TASK ITEM: When you write out the records, keep every word exact and drop the pictures.

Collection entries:
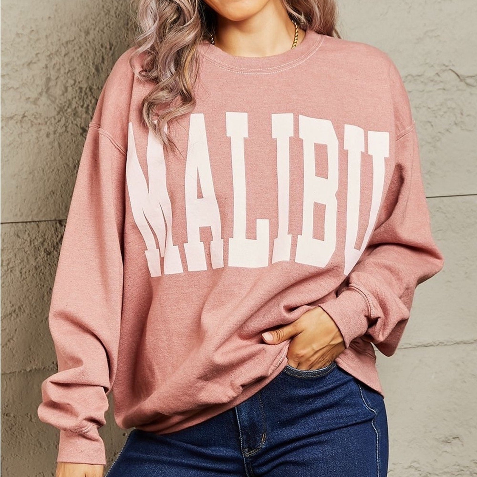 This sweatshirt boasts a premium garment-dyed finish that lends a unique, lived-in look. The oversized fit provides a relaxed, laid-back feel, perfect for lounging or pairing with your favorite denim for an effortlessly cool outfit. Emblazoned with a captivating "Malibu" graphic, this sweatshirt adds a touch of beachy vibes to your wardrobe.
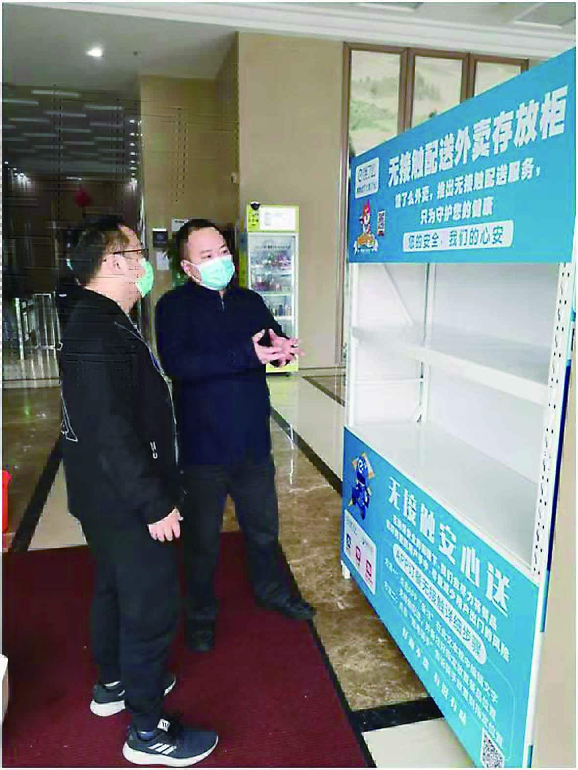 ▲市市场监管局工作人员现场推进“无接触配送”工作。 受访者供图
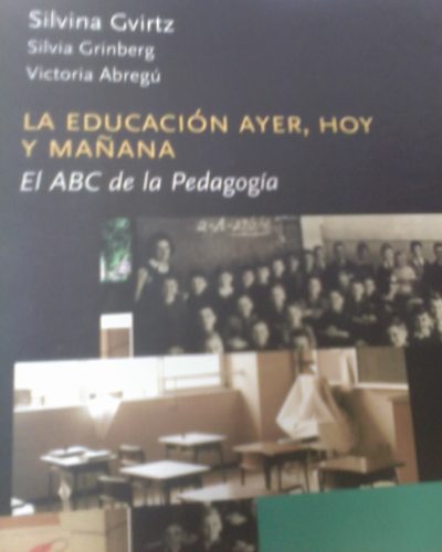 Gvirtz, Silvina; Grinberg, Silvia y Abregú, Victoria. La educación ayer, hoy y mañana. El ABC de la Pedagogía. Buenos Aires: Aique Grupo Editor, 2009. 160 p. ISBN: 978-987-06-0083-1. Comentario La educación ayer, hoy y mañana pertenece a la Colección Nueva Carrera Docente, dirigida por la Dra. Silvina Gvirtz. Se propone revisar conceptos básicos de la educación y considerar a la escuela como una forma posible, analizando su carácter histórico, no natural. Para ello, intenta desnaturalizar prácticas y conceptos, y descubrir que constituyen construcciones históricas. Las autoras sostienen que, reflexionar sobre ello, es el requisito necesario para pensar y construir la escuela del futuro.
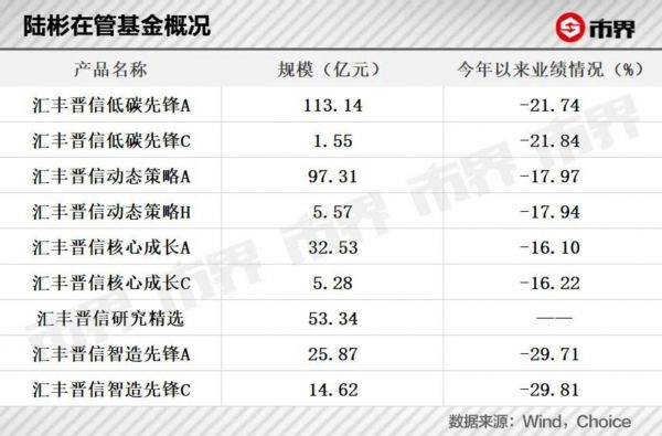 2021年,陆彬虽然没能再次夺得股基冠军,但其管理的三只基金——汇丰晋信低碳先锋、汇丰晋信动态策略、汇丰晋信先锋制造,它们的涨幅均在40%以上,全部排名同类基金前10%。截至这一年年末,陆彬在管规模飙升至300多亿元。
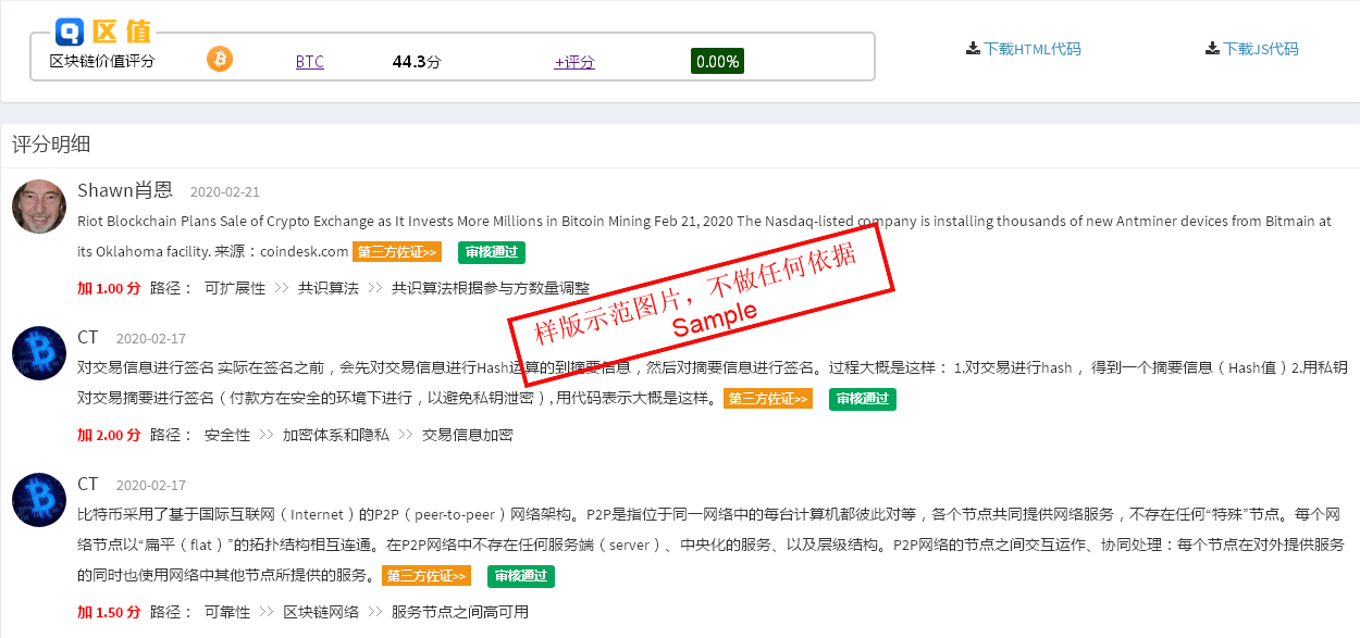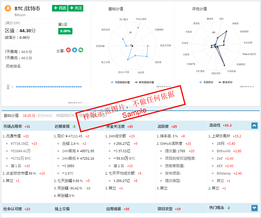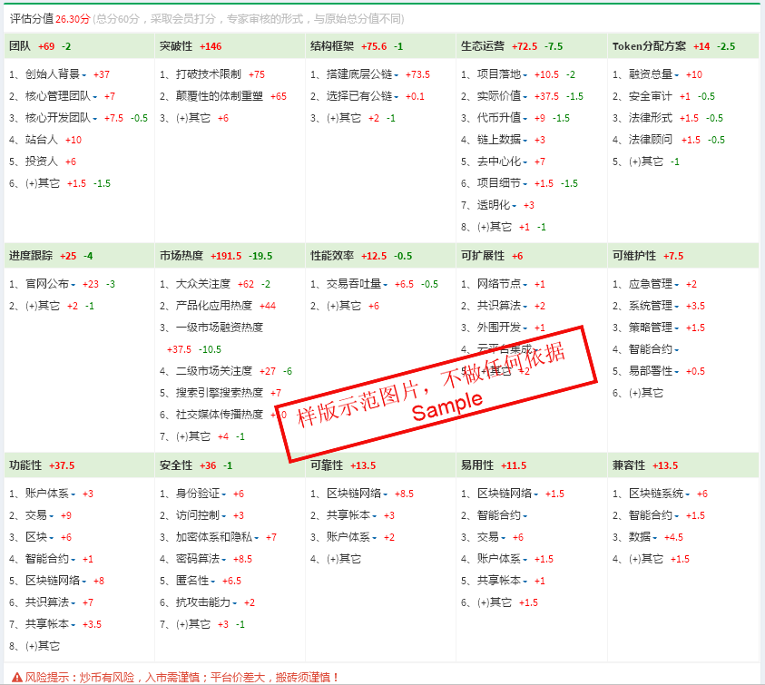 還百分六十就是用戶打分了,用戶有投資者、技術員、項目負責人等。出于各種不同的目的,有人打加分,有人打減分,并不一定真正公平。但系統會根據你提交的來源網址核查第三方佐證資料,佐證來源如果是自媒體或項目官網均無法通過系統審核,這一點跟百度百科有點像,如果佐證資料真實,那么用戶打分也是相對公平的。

RESPONSE:
 This sweatshirt boasts a premium garment-dyed finish that lends a unique, lived-in look. The oversized fit provides a relaxed, laid-back feel, perfect for lounging or pairing with your favorite denim for an effortlessly cool outfit. Emblazoned with a captivating "Malibu" graphic, this sweatshirt adds a touch of beachy vibes to your wardrobe.
 ▲市市场监管局工作人员现场推进“无接触配送”工作。 受访者供图
 Gvirtz, Silvina; Grinberg, Silvia y Abregú, Victoria. La educación ayer, hoy y mañana. El ABC de la Pedagogía. Buenos Aires: Aique Grupo Editor, 2009. 160 p. ISBN: 978-987-06-0083-1. Comentario La educación ayer, hoy y mañana pertenece a la Colección Nueva Carrera Docente, dirigida por la Dra. Silvina Gvirtz. Se propone revisar conceptos básicos de la educación y considerar a la escuela como una forma posible, analizando su carácter histórico, no natural. Para ello, intenta desnaturalizar prácticas y conceptos, y descubrir que constituyen construcciones históricas. Las autoras sostienen que, reflexionar sobre ello, es el requisito necesario para pensar y construir la escuela del futuro.
 2021年,陆彬虽然没能再次夺得股基冠军,但其管理的三只基金——汇丰晋信低碳先锋、汇丰晋信动态策略、汇丰晋信先锋制造,它们的涨幅均在40%以上,全部排名同类基金前10%。截至这一年年末,陆彬在管规模飙升至300多亿元。
 還百分六十就是用戶打分了,用戶有投資者、技術員、項目負責人等。出于各種不同的目的,有人打加分,有人打減分,并不一定真正公平。但系統會根據你提交的來源網址核查第三方佐證資料,佐證來源如果是自媒體或項目官網均無法通過系統審核,這一點跟百度百科有點像,如果佐證資料真實,那么用戶打分也是相對公平的。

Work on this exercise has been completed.